High-temperature Fatigue Property of a W–Mo Type High-speed Steel

Abstract

Fatigue tests of W–Mo type high-speed steel specimens were carried out at 20 and 600°C under various stress amplitudes σ. Fatigue lives of the specimens tested at 20 and 600°C under each amplitude between 1100 and 1400 MPa were identical, but under each amplitude between 700 and 1000 MPa, those of the specimens tested at 600°C were shorter than those at 20°C. Fracture origins of the specimens fatigued at 20°C under all stress amplitudes and at 600°C under σ≧1100 MPa were large aggregates of 10~13 μm, comprising two or three M6C·MC carbides, and those tested at 600°C under σ≦1000 MPa were large isolated M6C·MC carbides of about 8 μm.

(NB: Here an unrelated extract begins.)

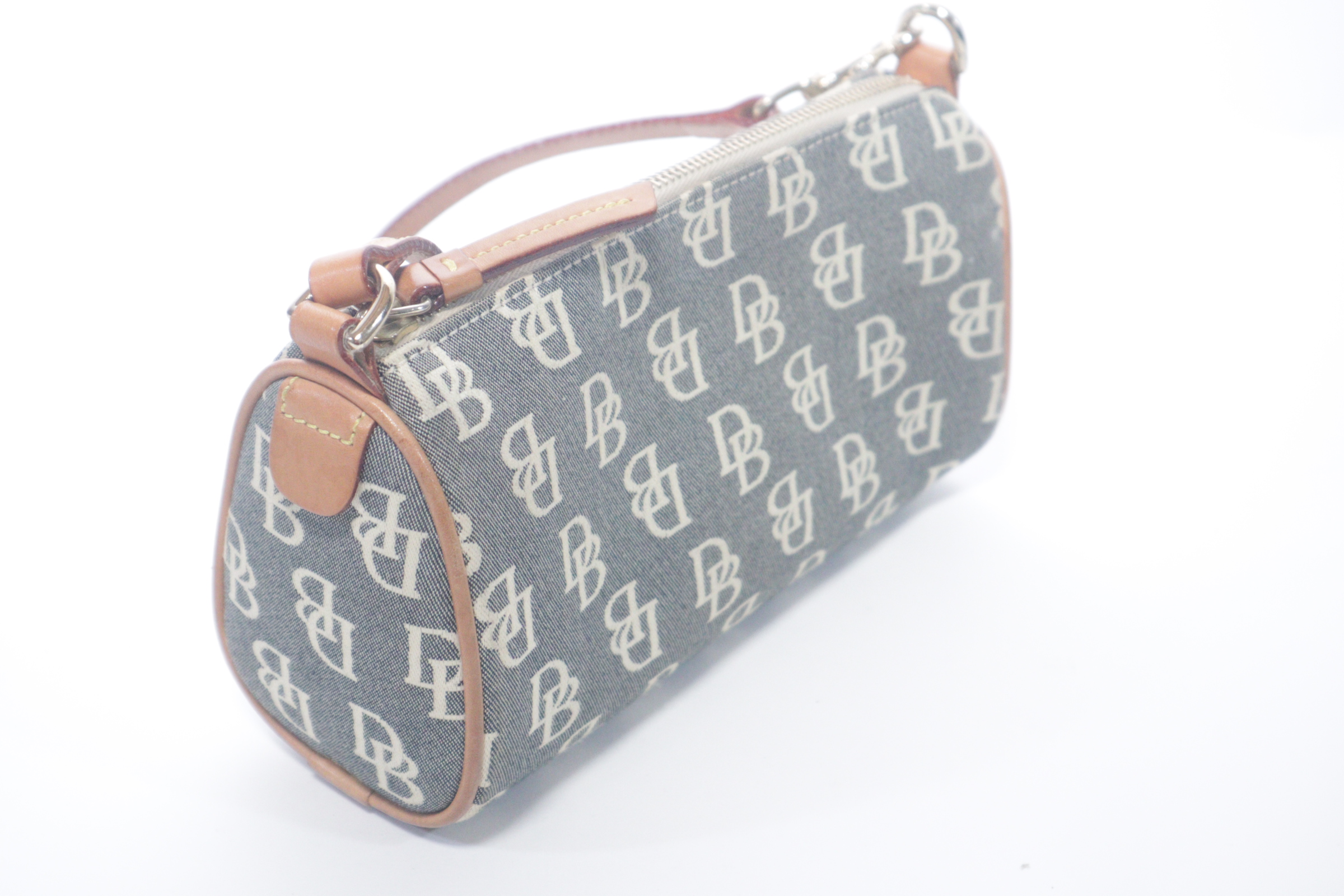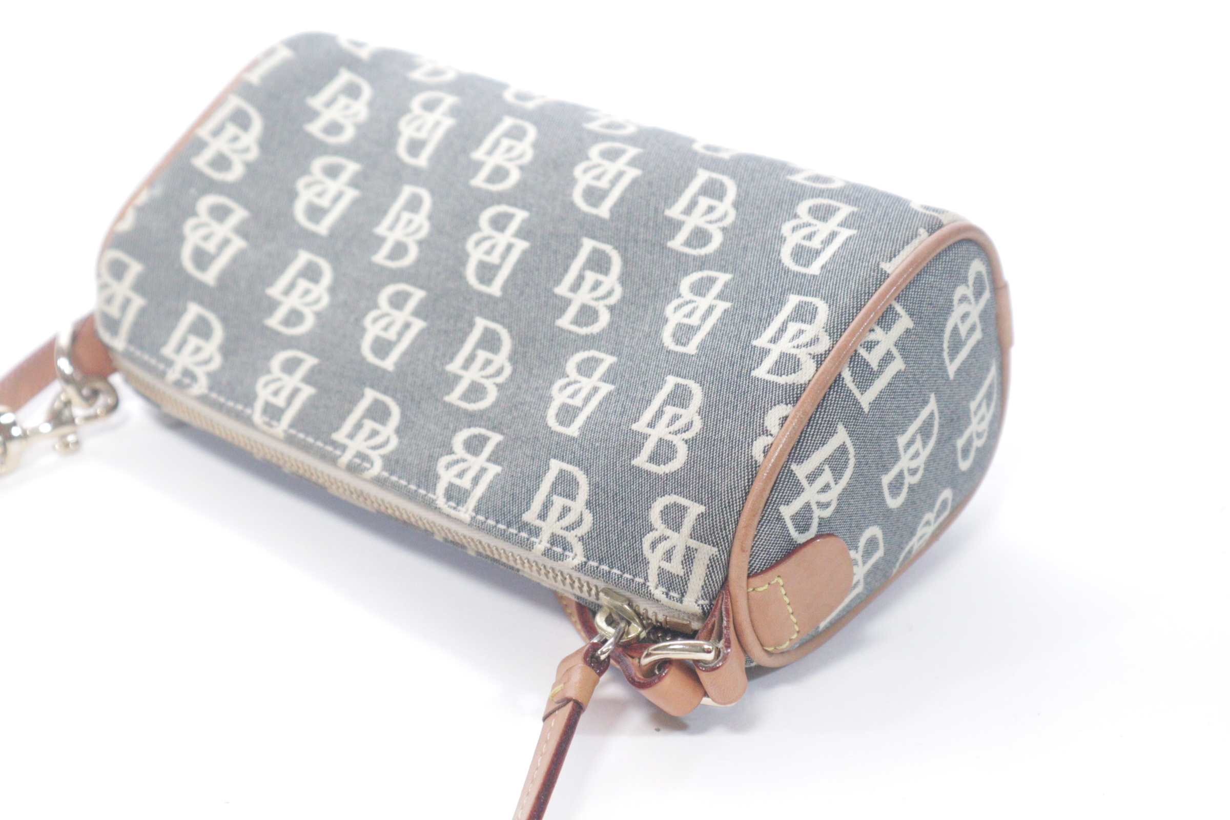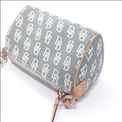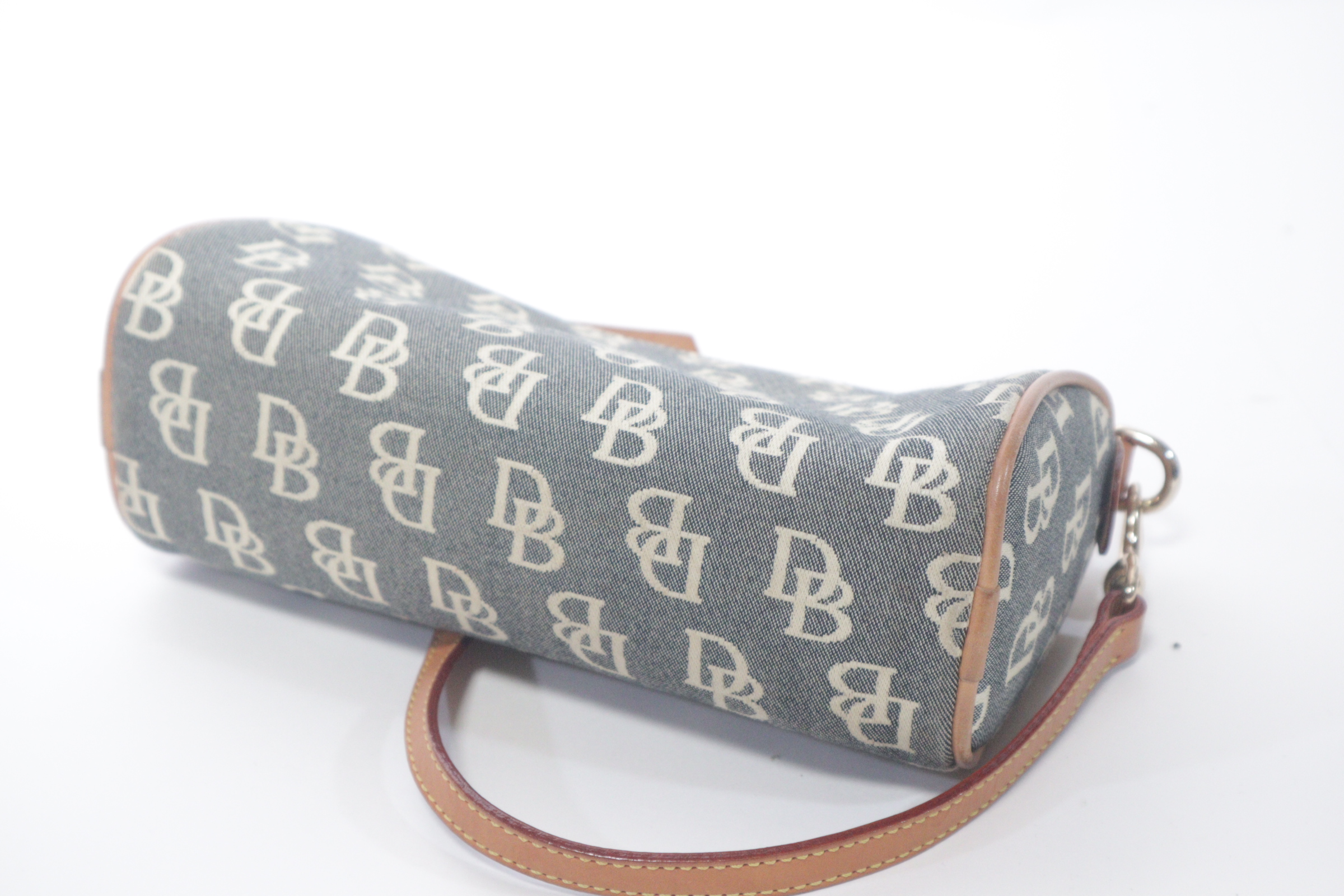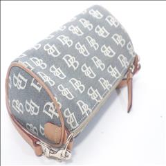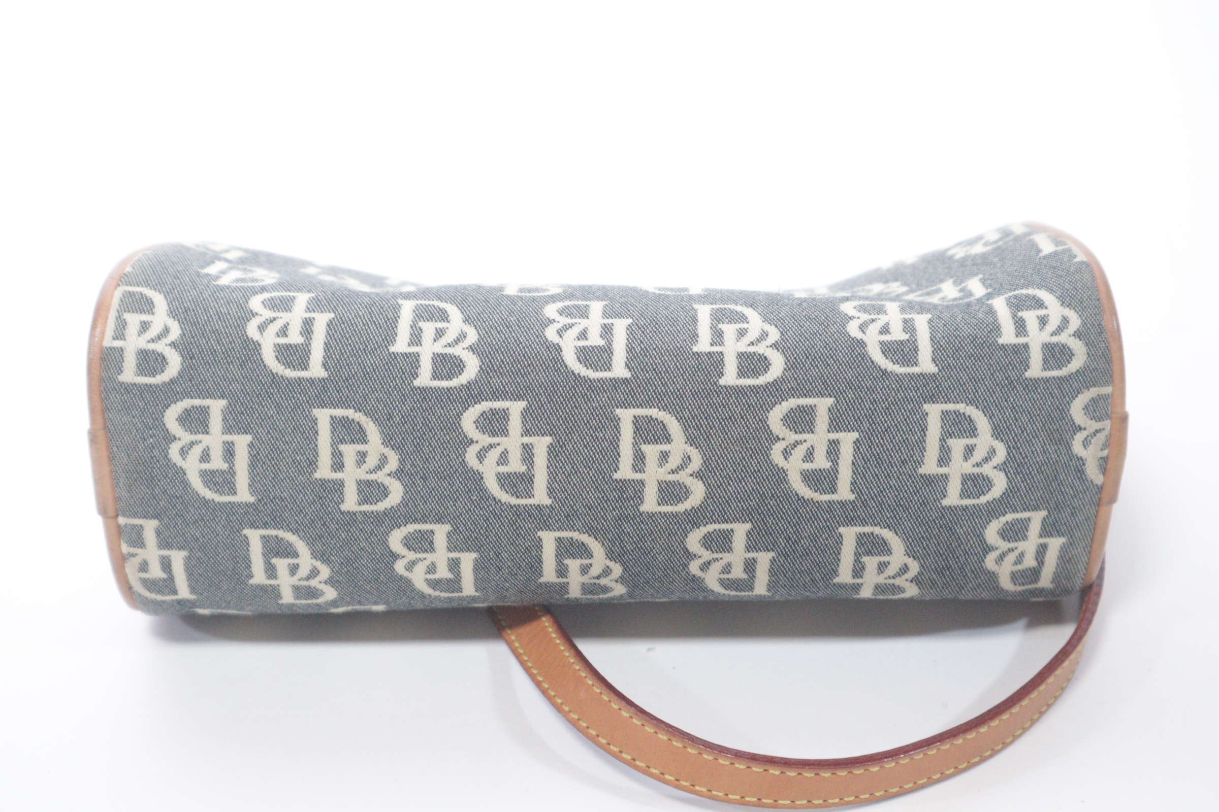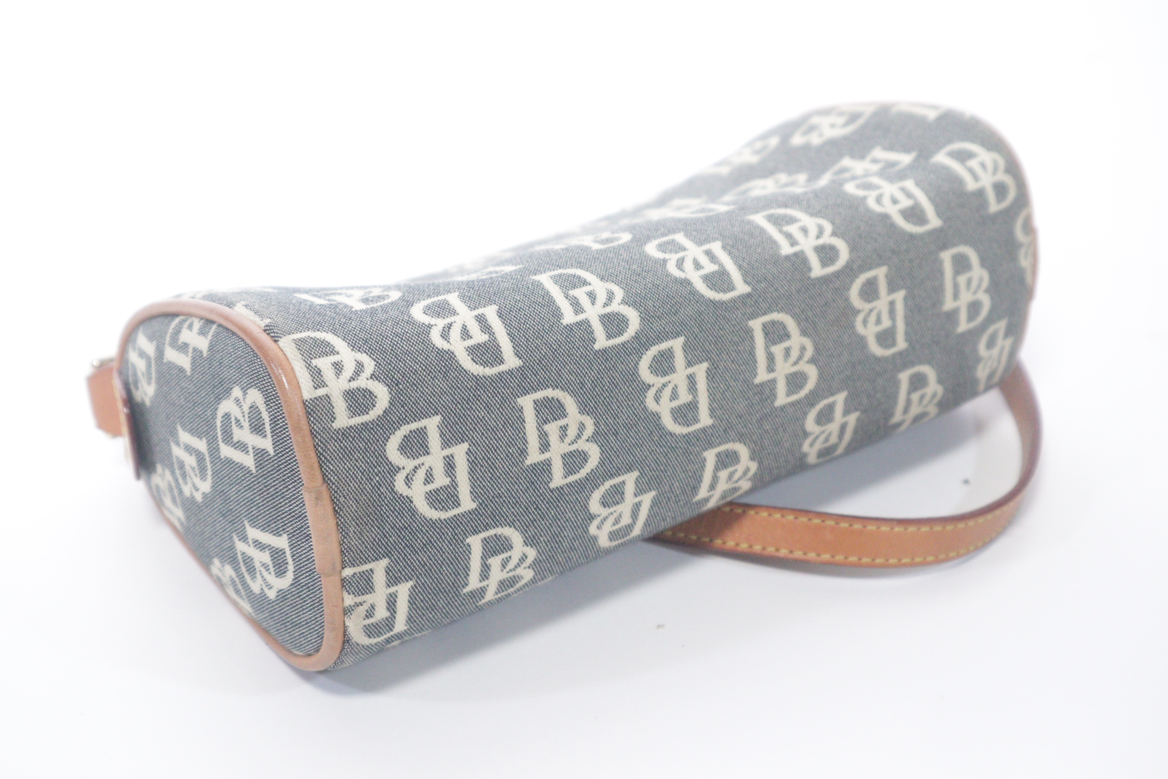 Dooney & Bourke Monogrammed Blue Gray & Brown Signature Mini Barrel Bag

When fatigued at 20°C under all stress amplitudes and at 600°C under σ≧1100 MPa, a crack propagated between two voids, produced by decohesion of the M6C/MC interfaces, in adjacent large two M6C·MC carbides which constitute a carbide aggregate, whereas in the specimens tested at 600°C under σ≦1000 MPa, cracking was initiated from the voids in large isolated M6C·MC carbides of about 8 μm. The fatigue lives of the specimens tested at 600°C under σ≦1000 MPa are shorter because the nucleation of cracks from isolated M6C·MC carbides occurs more rapidly than that of cracks in large M6C·MC carbide aggregates.